We were nameless except for the number seven.
Seven years of seeing each other grow into young
women for seven hours of the day all seven days
of the week with seven subjects taught by Sisters
in habits. She loved the smell of my hair. I loved
that she could find anything to love about me.
The centre of her palms were so soft, as were
her eyes. She folds her letters carefully in the shape
of tiny shirt pockets. I open them as slowly as I can.
When she sees me across the room her voice carries
over the distance. In her mouth my name becomes
an endless echo and in the darkness I find my way.
Way too naïve at sixteen, he believed that the height
of sophistication was a teddy bear and I found I was
not immune to it. I, too, am silly in my ministrations:
I put his photos on the cover of my Trapper Keeper,
an announcement that I am loved.
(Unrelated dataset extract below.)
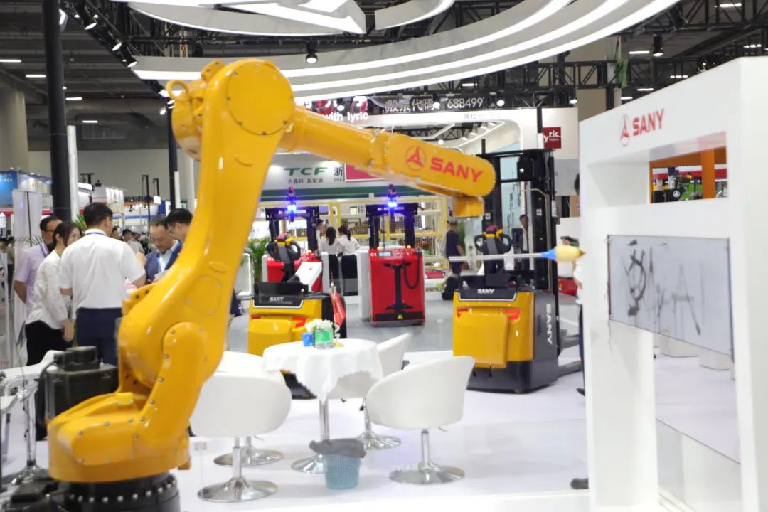 今年是三一机器人第二次参展,是本届展会占地面积最大的参展商。展出的设备类型相较去年更为丰富多元,涵盖电动叉车平衡重、搬运车系列产品,智慧物流AGV系列产品,系统集成工业机器人,一起参与本次展会,各显神通,人气火爆,实力圈粉。

Today, Monday:
I am loved. Today, Tuesday: I am loved. And so on.
We were too young to come up with our own words.
Bless those who have come before us and described
how hair is a waterfall lightly meeting a lover’s nape.
Bless those who have touched the pad of their thumb
upon sweet lips, bless those who now know the texture
of whispers. I learned to yearn through strangers.
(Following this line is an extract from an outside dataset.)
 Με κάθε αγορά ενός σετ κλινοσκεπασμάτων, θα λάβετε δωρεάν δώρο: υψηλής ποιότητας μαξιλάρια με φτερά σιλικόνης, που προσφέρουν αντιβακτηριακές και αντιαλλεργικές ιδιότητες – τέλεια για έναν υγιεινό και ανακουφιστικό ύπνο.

Strangers sitting around a circle decided to play
a game of who would you fuck but there was no
spinning bottle. The power was out and we were
all dying with thirst and desire. We threw names
like currency and it’s the story of my life, isn’t it,
of being found tender yet strange, as if a painter’s
brush made a wrong stroke on the canvas. I’m what
some would call an acquired taste: too much heat,
too much weight. Didn’t think someone would utter
my name. Then his mouth opens. In my mind a man
in a suit hands me a life-sized cheque, and the papers
publish their latest: Fool wins lottery and wrecks her life.
Life of the party, I tell him I like to lick my fingers.
I was at that age when I felt I could be dangerous.
I said, if we were alone we would already be in bed.
His mouth goes dry. He falls silent for hours, and I
could hear everything he is not saying, his words
landing like invisible confetti: kiss and kiss and kiss.
We sit in the dark listening to each other breathe and
I was a fool, sign me up for another cheque. No one
tells you when a word suddenly turns from a promise
to an infringement. Look up tomorrow look up soon
look up before you know it and you’ll find me on my knees
grappling around in the dark, hoping there is still time.
Time to get down to business as you toe off your shoes.
There were two of you in my dreams. A copy of yourself,
exactly as you are. You said, How much do you want me
that one person isn’t enough. I want to peel off your skin.
Climb into your ribcage where your heart is, and live inside
it. Carry me for days on end. We could do that, your voice
muffled between my thighs. Couldn’t we? How come you’re
not scared how come you didn’t say you’re creepy as fuck
how come you didn’t laugh at my grandmother panties how
and howl with the lights on as your mouth closes around me.
Every day we get to love each other in a world that does not
want us I praise our bodies. We could do that. Couldn’t we?